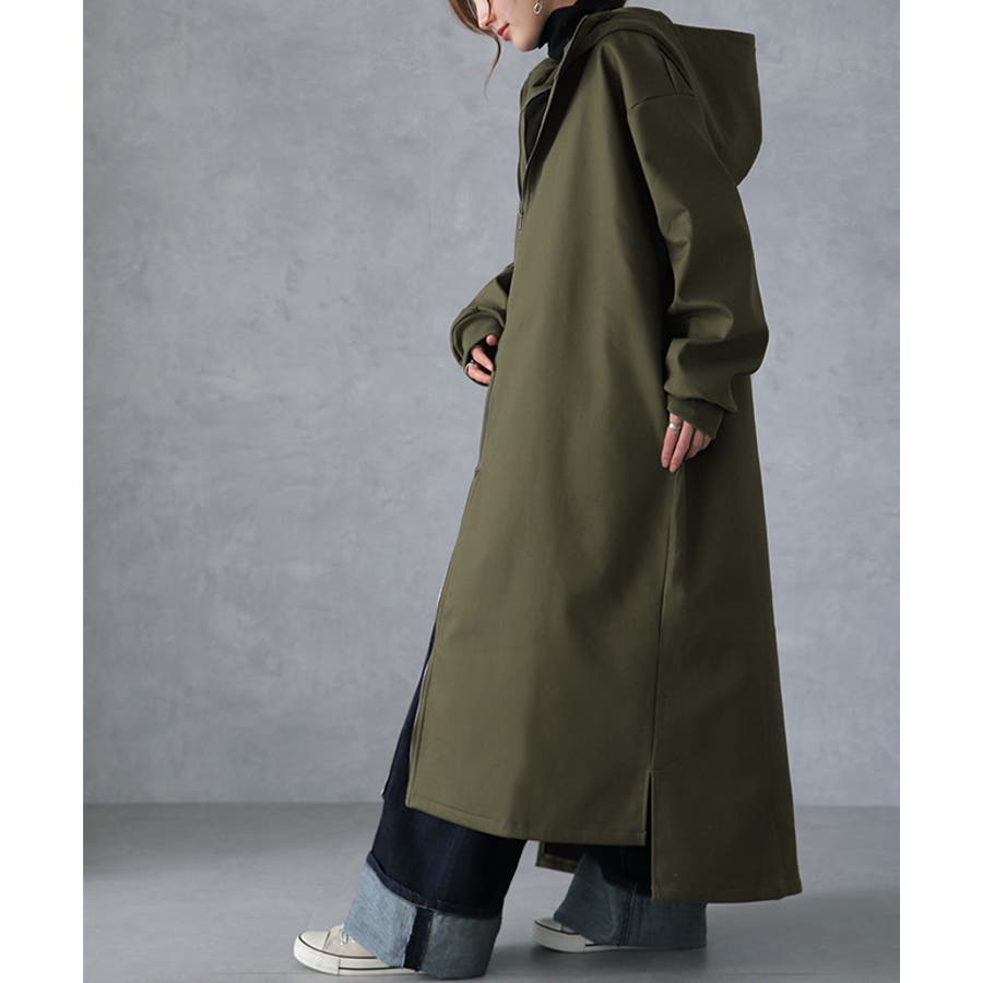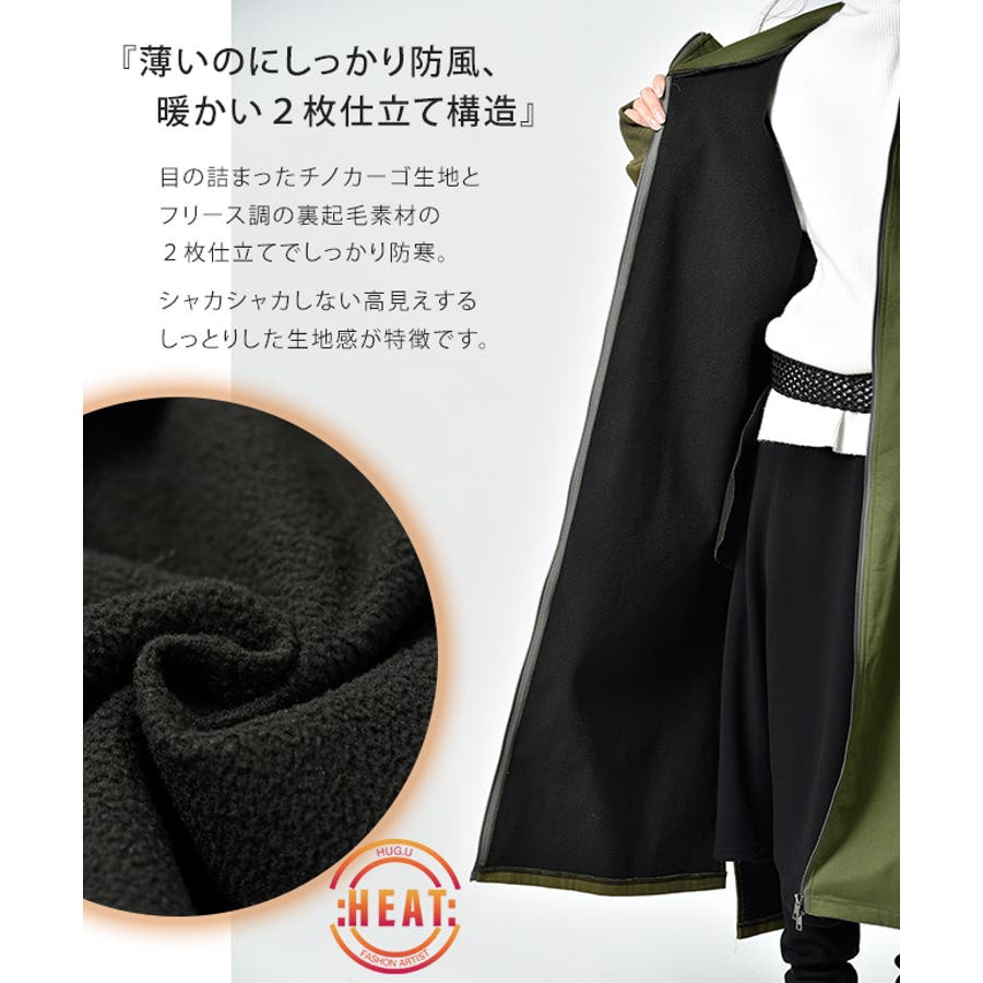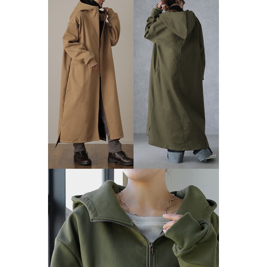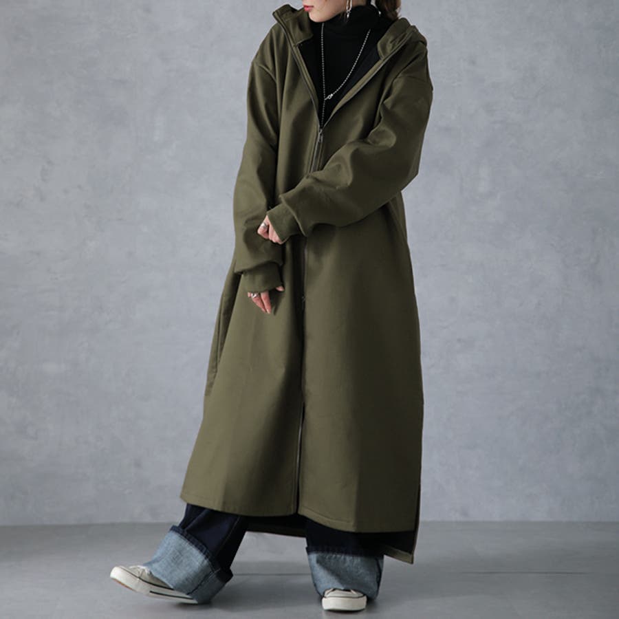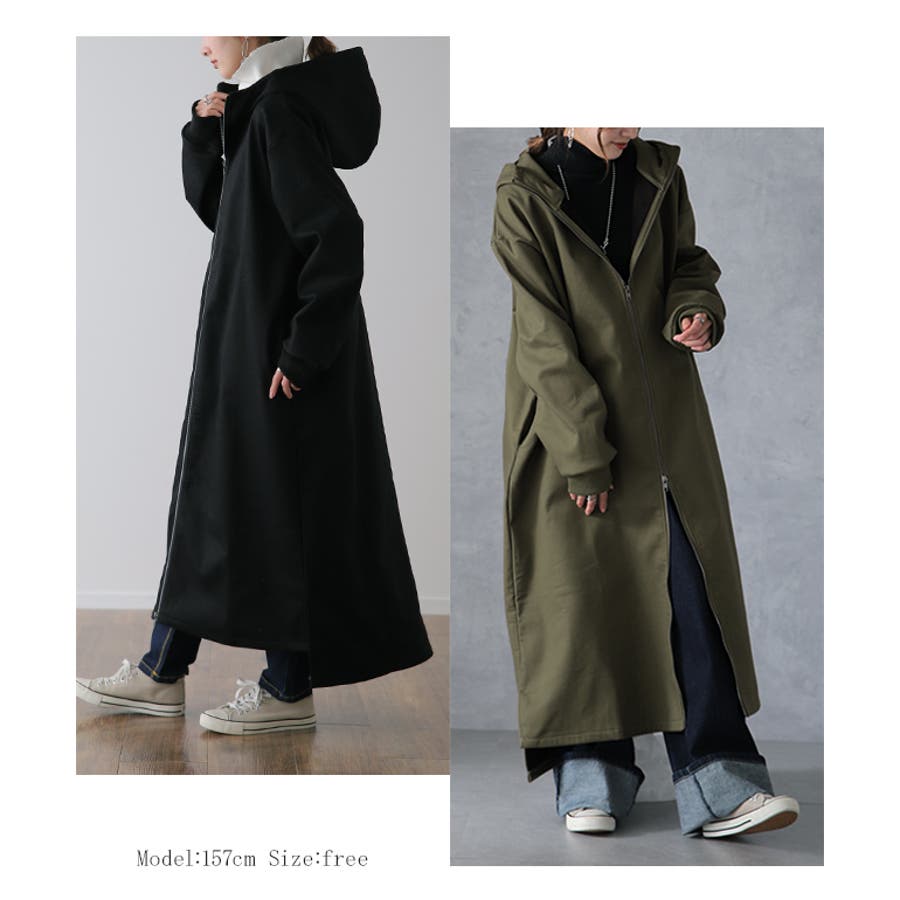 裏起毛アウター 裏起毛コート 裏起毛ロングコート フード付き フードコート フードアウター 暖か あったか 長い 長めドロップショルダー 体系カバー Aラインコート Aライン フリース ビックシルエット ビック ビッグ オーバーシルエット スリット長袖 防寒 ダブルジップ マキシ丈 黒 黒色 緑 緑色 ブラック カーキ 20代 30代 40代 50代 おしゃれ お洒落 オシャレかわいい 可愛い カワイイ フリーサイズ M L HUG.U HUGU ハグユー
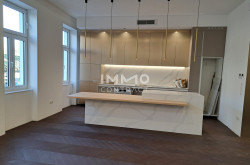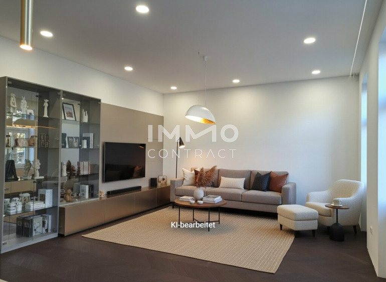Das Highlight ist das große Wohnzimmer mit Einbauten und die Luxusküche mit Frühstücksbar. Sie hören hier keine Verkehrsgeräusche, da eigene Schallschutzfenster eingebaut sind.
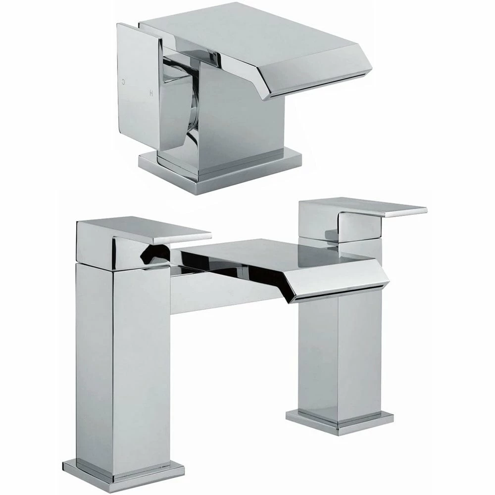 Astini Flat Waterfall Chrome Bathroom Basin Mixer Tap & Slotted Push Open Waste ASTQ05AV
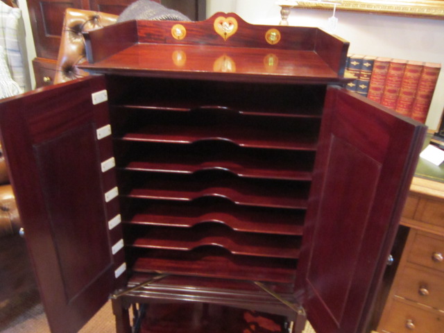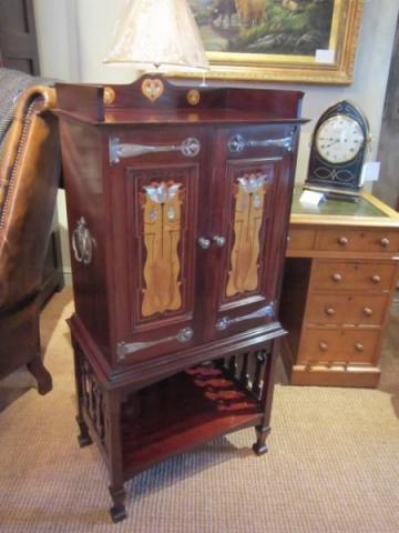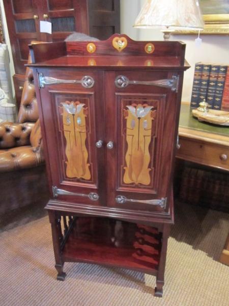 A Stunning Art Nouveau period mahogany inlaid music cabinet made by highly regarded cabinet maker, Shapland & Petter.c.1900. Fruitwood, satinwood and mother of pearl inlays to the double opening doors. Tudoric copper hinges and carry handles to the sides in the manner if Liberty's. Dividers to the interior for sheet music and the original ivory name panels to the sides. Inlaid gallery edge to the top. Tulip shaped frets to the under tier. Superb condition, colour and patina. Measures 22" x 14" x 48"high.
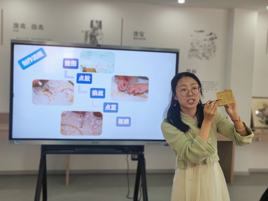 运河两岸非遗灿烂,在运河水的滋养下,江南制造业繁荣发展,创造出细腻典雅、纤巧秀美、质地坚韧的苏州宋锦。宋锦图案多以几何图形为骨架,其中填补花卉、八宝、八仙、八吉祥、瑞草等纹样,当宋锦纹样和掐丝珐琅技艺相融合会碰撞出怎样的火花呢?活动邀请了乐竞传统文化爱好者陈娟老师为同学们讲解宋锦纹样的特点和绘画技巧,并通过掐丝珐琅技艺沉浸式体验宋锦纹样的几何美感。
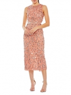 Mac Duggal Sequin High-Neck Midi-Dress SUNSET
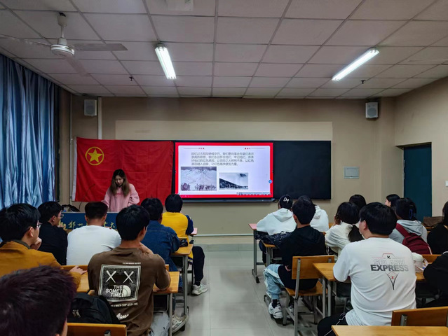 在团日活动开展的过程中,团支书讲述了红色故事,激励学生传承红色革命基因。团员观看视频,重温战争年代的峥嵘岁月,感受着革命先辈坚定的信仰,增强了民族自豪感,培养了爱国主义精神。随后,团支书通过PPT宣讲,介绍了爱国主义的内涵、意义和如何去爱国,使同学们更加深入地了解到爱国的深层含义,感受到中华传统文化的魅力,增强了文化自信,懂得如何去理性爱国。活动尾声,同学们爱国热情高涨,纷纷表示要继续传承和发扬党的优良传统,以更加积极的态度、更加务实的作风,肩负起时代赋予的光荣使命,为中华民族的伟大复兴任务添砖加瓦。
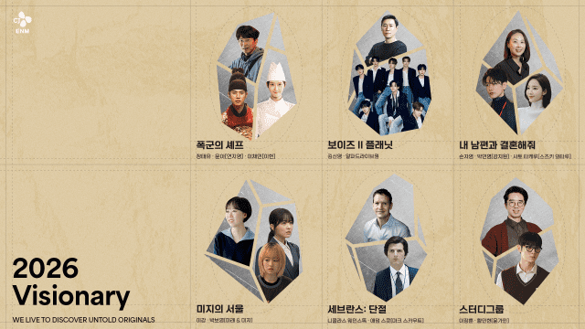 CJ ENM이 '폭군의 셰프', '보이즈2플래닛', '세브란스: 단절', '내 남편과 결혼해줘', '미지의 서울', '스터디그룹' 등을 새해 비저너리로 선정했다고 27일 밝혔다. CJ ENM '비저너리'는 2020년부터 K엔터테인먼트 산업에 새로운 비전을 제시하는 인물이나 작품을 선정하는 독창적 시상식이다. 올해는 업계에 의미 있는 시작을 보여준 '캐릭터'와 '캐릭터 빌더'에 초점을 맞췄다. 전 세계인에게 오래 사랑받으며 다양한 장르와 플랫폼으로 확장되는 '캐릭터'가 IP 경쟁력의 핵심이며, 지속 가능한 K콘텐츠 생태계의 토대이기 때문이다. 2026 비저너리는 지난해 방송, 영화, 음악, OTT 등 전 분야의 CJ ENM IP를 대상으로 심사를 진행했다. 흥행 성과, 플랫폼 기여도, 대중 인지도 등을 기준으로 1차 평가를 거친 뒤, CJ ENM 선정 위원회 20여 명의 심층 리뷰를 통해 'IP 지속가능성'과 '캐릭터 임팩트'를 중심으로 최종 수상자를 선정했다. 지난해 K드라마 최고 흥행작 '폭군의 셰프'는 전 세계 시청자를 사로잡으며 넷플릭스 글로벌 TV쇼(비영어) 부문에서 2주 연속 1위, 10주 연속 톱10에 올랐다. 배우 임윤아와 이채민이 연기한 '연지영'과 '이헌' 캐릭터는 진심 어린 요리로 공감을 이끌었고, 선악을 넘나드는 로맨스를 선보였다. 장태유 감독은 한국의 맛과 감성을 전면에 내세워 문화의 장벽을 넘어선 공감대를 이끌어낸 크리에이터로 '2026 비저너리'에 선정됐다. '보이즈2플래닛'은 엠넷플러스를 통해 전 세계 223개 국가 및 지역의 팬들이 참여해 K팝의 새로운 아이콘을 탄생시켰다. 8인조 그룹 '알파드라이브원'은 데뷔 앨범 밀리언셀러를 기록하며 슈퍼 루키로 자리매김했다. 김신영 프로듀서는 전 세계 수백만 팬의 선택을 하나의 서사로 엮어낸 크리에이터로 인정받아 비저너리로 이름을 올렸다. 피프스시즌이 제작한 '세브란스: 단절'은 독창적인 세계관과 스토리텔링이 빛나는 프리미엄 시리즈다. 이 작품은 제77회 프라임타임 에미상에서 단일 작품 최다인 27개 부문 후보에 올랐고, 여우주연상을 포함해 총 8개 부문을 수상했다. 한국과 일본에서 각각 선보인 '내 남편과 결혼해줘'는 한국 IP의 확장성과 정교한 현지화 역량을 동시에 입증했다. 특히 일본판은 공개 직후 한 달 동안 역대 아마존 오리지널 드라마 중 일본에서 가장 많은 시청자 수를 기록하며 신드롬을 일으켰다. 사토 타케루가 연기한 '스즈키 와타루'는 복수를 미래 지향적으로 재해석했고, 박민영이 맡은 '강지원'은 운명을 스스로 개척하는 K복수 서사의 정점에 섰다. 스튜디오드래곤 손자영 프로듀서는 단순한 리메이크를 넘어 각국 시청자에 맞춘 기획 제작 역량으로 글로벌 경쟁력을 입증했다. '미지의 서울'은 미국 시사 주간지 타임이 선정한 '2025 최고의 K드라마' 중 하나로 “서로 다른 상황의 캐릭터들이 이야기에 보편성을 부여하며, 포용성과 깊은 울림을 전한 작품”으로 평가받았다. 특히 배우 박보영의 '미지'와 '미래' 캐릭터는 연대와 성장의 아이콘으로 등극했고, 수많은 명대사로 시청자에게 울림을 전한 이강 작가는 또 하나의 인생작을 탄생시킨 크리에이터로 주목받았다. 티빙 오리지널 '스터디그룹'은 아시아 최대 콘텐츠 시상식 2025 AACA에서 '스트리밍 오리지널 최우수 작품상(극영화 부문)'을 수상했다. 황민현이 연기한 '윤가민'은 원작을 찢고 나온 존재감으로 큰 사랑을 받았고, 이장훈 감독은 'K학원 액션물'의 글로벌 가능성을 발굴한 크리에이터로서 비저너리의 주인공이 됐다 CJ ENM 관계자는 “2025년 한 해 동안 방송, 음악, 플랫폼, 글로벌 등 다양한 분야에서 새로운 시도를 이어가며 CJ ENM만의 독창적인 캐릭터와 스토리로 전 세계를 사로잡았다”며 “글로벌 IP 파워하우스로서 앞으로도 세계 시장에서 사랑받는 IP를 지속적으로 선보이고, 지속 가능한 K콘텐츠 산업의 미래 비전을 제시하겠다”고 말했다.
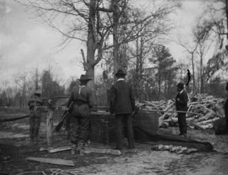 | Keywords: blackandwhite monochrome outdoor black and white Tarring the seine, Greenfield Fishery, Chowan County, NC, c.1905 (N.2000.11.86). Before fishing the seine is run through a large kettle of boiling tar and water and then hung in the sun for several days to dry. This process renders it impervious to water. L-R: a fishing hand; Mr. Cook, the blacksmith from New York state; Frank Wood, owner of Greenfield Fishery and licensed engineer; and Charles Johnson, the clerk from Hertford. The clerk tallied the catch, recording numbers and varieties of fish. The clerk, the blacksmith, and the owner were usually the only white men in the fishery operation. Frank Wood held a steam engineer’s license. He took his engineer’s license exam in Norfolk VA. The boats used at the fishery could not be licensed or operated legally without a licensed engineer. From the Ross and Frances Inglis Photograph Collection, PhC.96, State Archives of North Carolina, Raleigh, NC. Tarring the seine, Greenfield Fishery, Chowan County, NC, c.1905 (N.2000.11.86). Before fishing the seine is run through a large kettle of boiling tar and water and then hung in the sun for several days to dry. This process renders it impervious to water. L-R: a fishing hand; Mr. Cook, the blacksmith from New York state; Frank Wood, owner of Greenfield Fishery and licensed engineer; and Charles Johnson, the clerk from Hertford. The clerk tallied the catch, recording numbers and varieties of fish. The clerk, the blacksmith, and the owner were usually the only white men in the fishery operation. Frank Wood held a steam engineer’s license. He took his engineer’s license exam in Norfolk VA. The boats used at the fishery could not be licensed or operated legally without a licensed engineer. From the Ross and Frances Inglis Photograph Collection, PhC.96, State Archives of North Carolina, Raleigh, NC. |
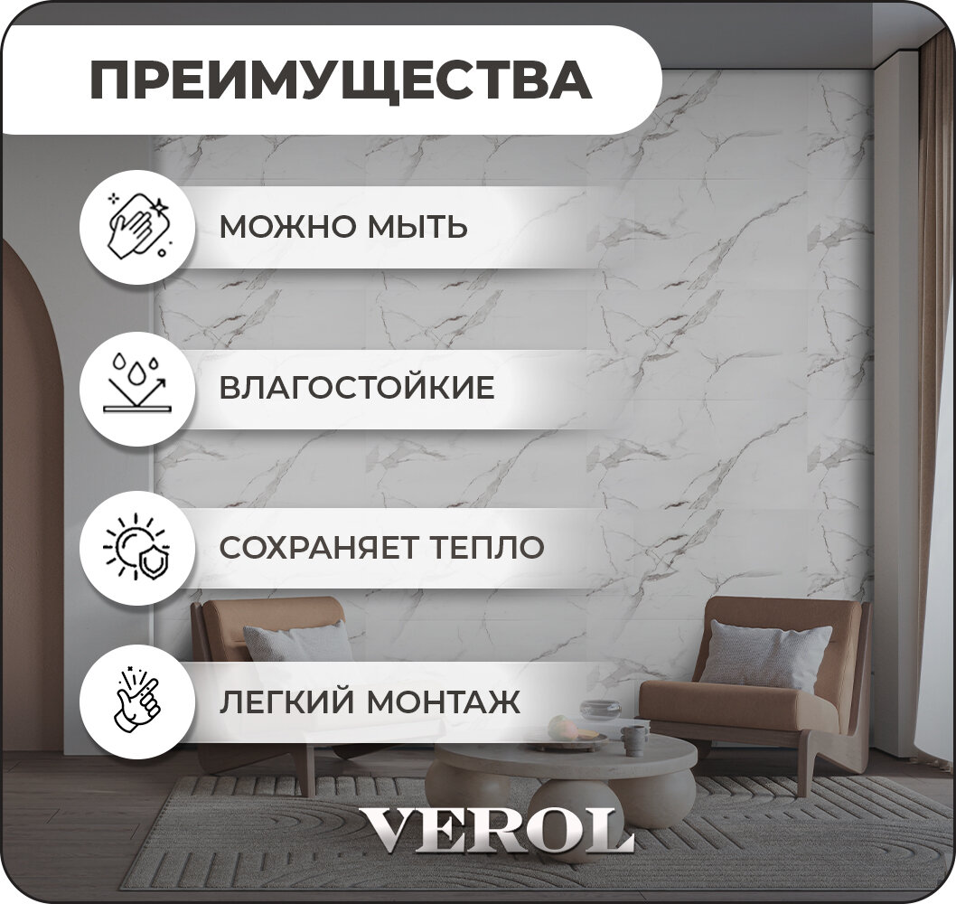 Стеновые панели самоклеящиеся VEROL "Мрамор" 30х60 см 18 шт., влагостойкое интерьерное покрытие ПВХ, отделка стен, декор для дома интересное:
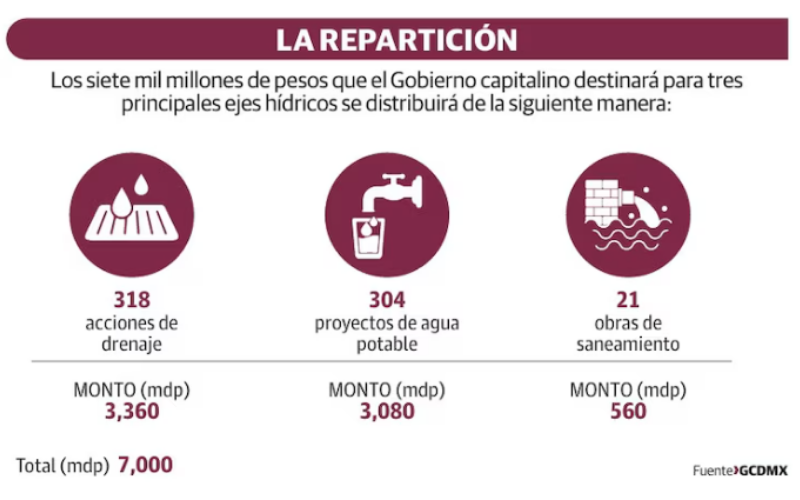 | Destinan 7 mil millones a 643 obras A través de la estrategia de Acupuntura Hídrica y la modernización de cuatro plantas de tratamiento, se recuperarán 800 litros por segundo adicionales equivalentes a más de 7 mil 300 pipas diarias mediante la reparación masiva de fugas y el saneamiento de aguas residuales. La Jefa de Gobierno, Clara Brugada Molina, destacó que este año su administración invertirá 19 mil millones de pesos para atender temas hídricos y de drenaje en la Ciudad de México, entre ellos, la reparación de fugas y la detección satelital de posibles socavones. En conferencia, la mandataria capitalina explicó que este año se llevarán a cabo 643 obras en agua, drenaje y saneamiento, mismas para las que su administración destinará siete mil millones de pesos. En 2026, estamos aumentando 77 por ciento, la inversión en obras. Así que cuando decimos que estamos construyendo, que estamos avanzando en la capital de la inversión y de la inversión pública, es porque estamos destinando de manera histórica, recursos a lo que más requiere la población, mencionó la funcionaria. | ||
*****
**EXERCISE OBJECTIVE**:
When you reach the line that has "Das Highlight ist" in the data above, start repeating lines exactly, and stop after the line that has "Astini Flat Waterfall"; pictures stay out.

**EXERCISE SOLUTION**:
Das Highlight ist das große Wohnzimmer mit Einbauten und die Luxusküche mit Frühstücksbar. Sie hören hier keine Verkehrsgeräusche, da eigene Schallschutzfenster eingebaut sind.
 Astini Flat Waterfall Chrome Bathroom Basin Mixer Tap & Slotted Push Open Waste ASTQ05AV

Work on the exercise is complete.